Your goal: You are asked to copy the entire listing exactly, apart from its pictures.

Data block:
▬▬▬▬▬▬

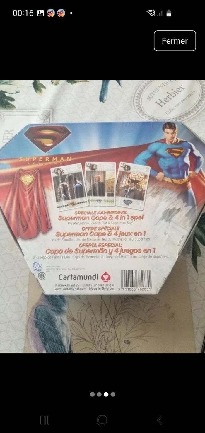 Voici une valise Superman vraiment unique ! Elle contient 4 jeux en 1 ainsi qu'une cape de Superman. Le tout est complètement neuf et n'a jamais été utilisé. Cette valise est parfaite pour les fans de Superman qui veulent s'amuser et se divertir pendant des heures. Avec ses jeux variés et sa cape emblématique, elle fera le bonheur de tous.
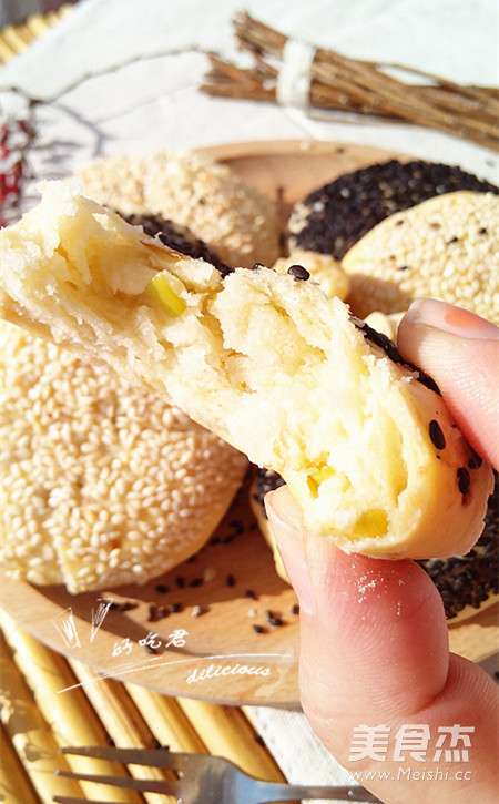 其实原本想做麻酱烧饼,因为这个很经典,而且家里面还有剩下的芝麻酱。但是我妈强烈的反对,她受不了芝麻酱做成饼子的那种味道,无奈之下,我就把里面的麻酱换成葱花,烤的时候充满葱香味儿,也是不错~
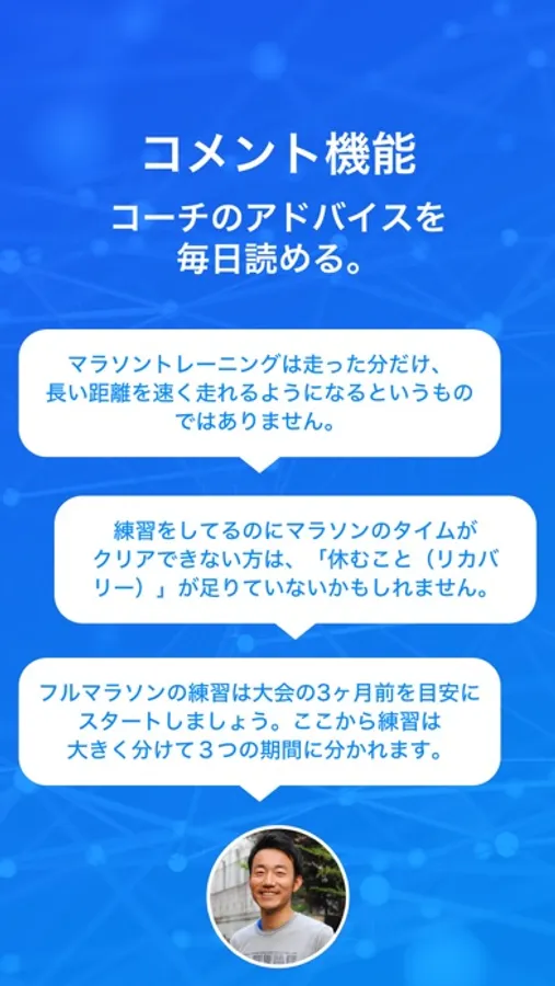 •アドバイスコメント:ランニングにまつわるプロコーチの知識、ノウハウをコメント機能で毎日お届け。ランニングをより楽しむための情報が手に入ります。
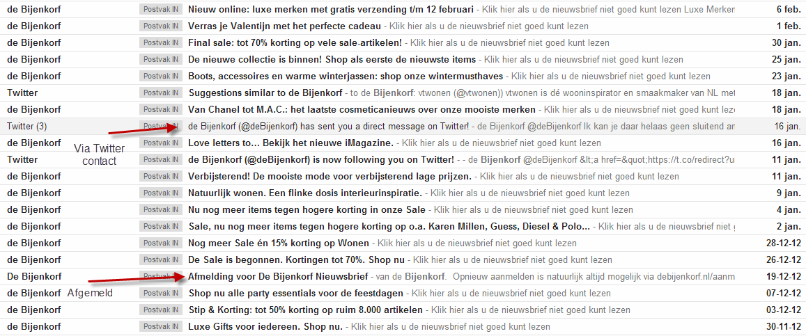 19 december afgemeld voor de nieuwsbrief van de Bijenkorf. De nieuwsbrief bleef komen. Ik heb gevraagd hoe dat kan. Het antwoord is dat het 14 dagen duurt voordat de afmelding is verwerkt. Op zich is dat al erg vreemd, want aanmelden gaat wel direct. Waarom dan niet afmelden? Enfin, ik heb 14 dagen gewacht (en ondertussen bleef ik mail ontvangen). Uiteindelijk 16 januari maar via Twitter een bericht de wereld ingestuurd dat de Bijenkorf het niet zo nauw neemt met afmeldingen. Daar werd direct op gereageerd (zoals ik had verwacht) en er werd beloofd om mij uit het bestand te halen.

▬▬▬▬▬▬

Expected output:
 Voici une valise Superman vraiment unique ! Elle contient 4 jeux en 1 ainsi qu'une cape de Superman. Le tout est complètement neuf et n'a jamais été utilisé. Cette valise est parfaite pour les fans de Superman qui veulent s'amuser et se divertir pendant des heures. Avec ses jeux variés et sa cape emblématique, elle fera le bonheur de tous.
 其实原本想做麻酱烧饼,因为这个很经典,而且家里面还有剩下的芝麻酱。但是我妈强烈的反对,她受不了芝麻酱做成饼子的那种味道,无奈之下,我就把里面的麻酱换成葱花,烤的时候充满葱香味儿,也是不错~
 •アドバイスコメント:ランニングにまつわるプロコーチの知識、ノウハウをコメント機能で毎日お届け。ランニングをより楽しむための情報が手に入ります。
 19 december afgemeld voor de nieuwsbrief van de Bijenkorf. De nieuwsbrief bleef komen. Ik heb gevraagd hoe dat kan. Het antwoord is dat het 14 dagen duurt voordat de afmelding is verwerkt. Op zich is dat al erg vreemd, want aanmelden gaat wel direct. Waarom dan niet afmelden? Enfin, ik heb 14 dagen gewacht (en ondertussen bleef ik mail ontvangen). Uiteindelijk 16 januari maar via Twitter een bericht de wereld ingestuurd dat de Bijenkorf het niet zo nauw neemt met afmeldingen. Daar werd direct op gereageerd (zoals ik had verwacht) en er werd beloofd om mij uit het bestand te halen.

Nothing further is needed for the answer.